This Post: Studies Show Your Teen’s Friends Teach Them What’s Cool, But You’re Teaching Them What’s Right
Written By: Nancy Reynolds
I was in the kitchen cleaning up after dinner when I overheard my daughter FaceTiming one of her girlfriends in the living room…
“I really like this dress, but I think this one is cuter.”
“What do you think?”
“Which one would you wear?”
She was going on a date with a guy she really liked on Saturday night, and I knew she was agonizing about what to wear. She’d pulled a handful of dresses from her closet, and she was asking one of her best friends which one she should wear.
As I strolled into the living room, eager to get in on the conversation and offer my opinion, I got the death stare. You know the one I’m talking about, right, parents? The look that says, “If you speak one word, I’m going to scream… You can leave NOW.”
Studies Show Your Teen’s Friends Teach Them What’s Cool, But You’re Teaching Them What’s Right
I’m not gonna lie, I was hurt. My daughter and I have always been close. Since she was little, she’s always come to me for advice. But in the last couple of years, I’ve noticed that my opinion, at least on a lot of things, just doesn’t hold the credence it once did. Walking back to the kitchen, I couldn’t help but wonder if I was somehow losing all influence in my daughter’s life.

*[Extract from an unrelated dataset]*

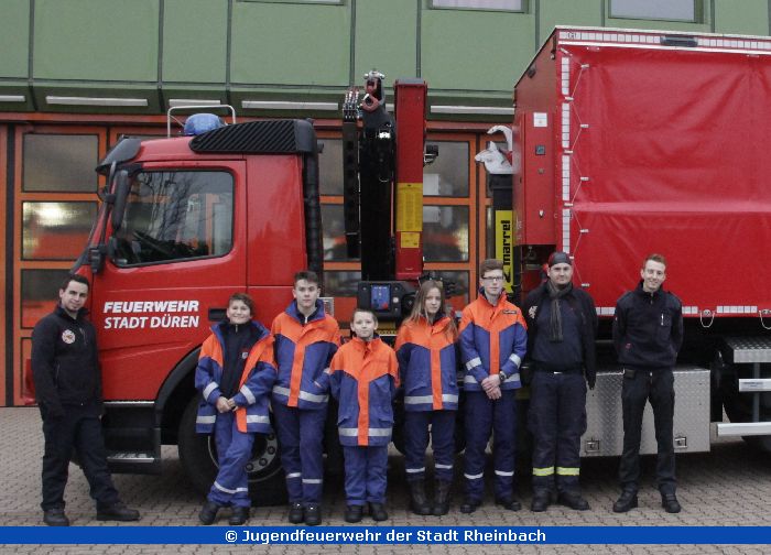 Mitglieder der Jugendfeuerwehr Wormersdorf bei der Feuerwehr Düren.

But I realized something later that evening.
Around 10:30 p.m., when I was just about ready to crawl into bed, my daughter came bouncing into my bedroom full of energy, plopped on my bed, and started talking about college.
“Mom, which ones do you think I should apply to?”
“Do you think I’d like living far away from home, or do you think I’d be better off going to a closer college?”
“Did you enjoy college? What were your biggest challenges?”
That’s when I realized…
It might seem like we’ve been replaced by our kids’ friends, but we haven’t. They’re just sorting through who to ask about what.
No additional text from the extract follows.